◆ Given entries

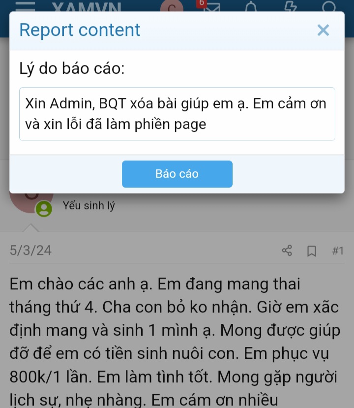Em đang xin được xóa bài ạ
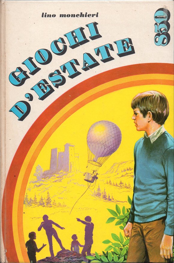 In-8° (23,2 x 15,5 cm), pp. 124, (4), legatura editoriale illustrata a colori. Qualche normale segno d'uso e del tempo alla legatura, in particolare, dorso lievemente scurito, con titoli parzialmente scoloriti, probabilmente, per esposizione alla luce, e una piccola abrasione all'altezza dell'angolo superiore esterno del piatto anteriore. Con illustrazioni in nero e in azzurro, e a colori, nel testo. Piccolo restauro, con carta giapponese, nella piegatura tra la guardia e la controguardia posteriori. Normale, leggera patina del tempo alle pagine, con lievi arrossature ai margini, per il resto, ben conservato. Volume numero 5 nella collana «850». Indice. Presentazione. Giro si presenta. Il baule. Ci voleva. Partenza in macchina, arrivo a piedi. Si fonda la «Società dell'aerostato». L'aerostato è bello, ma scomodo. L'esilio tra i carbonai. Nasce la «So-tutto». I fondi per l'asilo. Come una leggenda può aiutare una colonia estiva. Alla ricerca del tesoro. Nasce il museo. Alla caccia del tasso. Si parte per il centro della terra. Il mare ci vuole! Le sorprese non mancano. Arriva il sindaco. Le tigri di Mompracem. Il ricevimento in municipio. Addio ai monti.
---
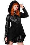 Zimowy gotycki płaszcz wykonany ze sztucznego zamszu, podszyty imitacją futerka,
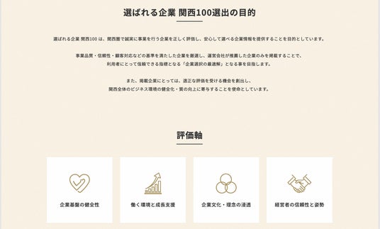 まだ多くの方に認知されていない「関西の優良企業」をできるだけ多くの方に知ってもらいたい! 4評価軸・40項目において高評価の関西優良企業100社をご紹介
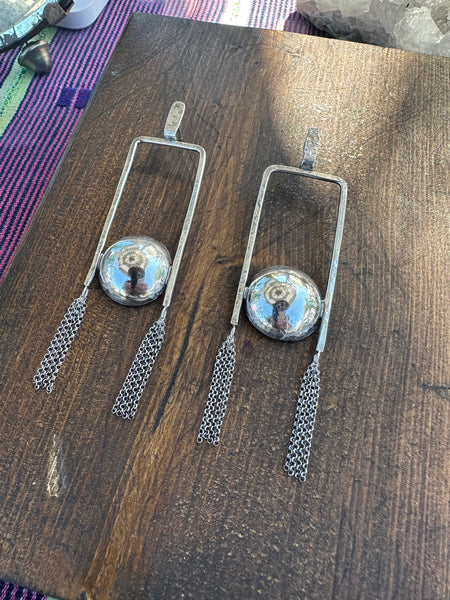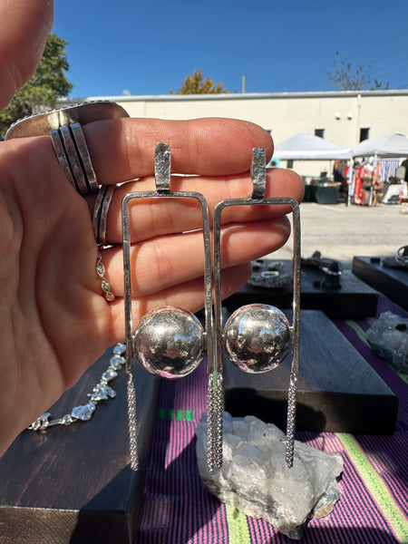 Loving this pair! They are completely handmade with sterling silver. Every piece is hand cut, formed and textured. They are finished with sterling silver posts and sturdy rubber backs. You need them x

◆ Work request
Only one part of the listing is wanted: the lines from the one containing "まだ多くの方に認知されていな" through the one containing "Loving this pair!", both included. Please transcribe it exactly, leaving out the pictures.

◆ Written response
 まだ多くの方に認知されていない「関西の優良企業」をできるだけ多くの方に知ってもらいたい! 4評価軸・40項目において高評価の関西優良企業100社をご紹介
 Loving this pair! They are completely handmade with sterling silver. Every piece is hand cut, formed and textured. They are finished with sterling silver posts and sturdy rubber backs. You need them x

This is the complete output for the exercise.